I’ll be blunt: It was a crappy day.
[Am I allowed to say the word “crappy” on the Internet?]
I had to go in to work at 4:30am. That means I need to get
out of bed about quarter after three. In the morning! I have hunter
friends who scoff at this early awakening, but at least they’re getting up to
go do something they enjoy.
The day was [see the adjective above] for a number of
reasons:
- It was really cold.
- It was the first week of January and there’s nothing to look forward to until, like, my birthday in April.
- I had to get up crazy early.
- Instead of going to church the day before I had spent two hours in the ER with two of my girls, who were both diagnosed with croup, so I felt rather disconnected.
- Did I mention how cold it was?
- Neither I nor my harried wife Bethany had gotten uninterrupted sleep lately, what with our sick infant across the hallway waking up at least once a night for the last week or more. *yawn* (Though for the record, Bethany had gotten much less sleep than I have)
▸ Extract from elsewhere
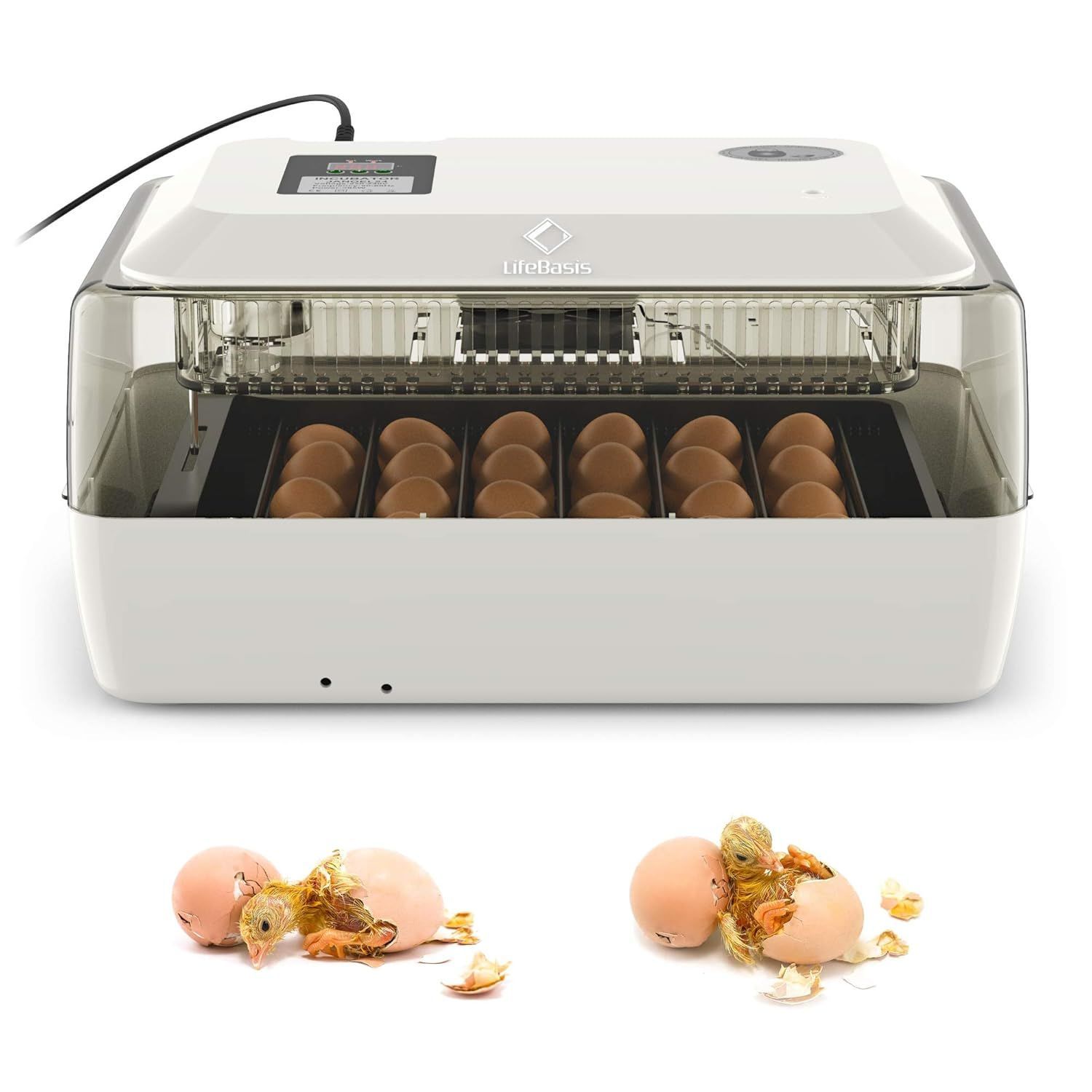 【大容量な全自動孵卵器】毎回24個ニワトリサイズの卵を孵化できる超大容量な全自動孵卵器です。一定の温度で保温する機能と自動転卵機能があります。全自動孵卵器で皆さんおなじみ人工孵化初心者でも使いやすいです。

- It was going to be a long day.
So I was moping internally. Probably externally too – I don’t
always know how others perceive me, so I may well have appeared mopey.
Woe is I! I am tired
and cold! My full-time job is busy enough to pay me time-and-a-half for at
least two days this week! Whimper-waaaaahhh!!
I was a dopey moper.
Occasionally I find myself in a mood that I don’t want to be
in. I am fully aware that I am being selfish or shortsighted or petty or
whatever, but “kicking” the mood, as Oswald Chambers espouses, doesn’t
always work. I suppose part of me somehow enjoys feeling sorry for myself, enjoys
moments of misery, even though common sense belies the logic of that sentiment:
Enjoying one’s own sadness? What the what?
I take no credit for removing myself from the mood, though.
I had a chance to tell a coworker a little bit about my family’s desire and
goal to move to the Bronx later this year, and soon found that my perspective on
the day had changed. I’ve got to keep the
big picture first, I thought. I’m
healthy and alive, as is my family (relatively speaking), and we’re together;
that’s more than many people can say. My coworker couldn’t understand why I
would want to take my young family into such a place as the Bronx – it just
doesn’t make sense! Then my mood improved, and that doesn’t make sense either.
God often works that way, doing things that don’t make sense to our eyes.
And I, for one, am glad that He does.
Armed with my rejuvenated mood and refreshed perspective, I finished
my work day and went home. Shortly thereafter Bethany took our
almost-8-month-old Juliet back to the doctor because she had barely eaten
anything since the day before. They went to the doctor, then straight to the
ER, then to their room in the pediatric wing of the hospital, where they stayed
for the next four days.
But that story will be another post. God gave me the
strength to handle the next several days as a single dad while Bethany was in
the hospital with our youngest. He sure knows what He’s doing, doesn’t He?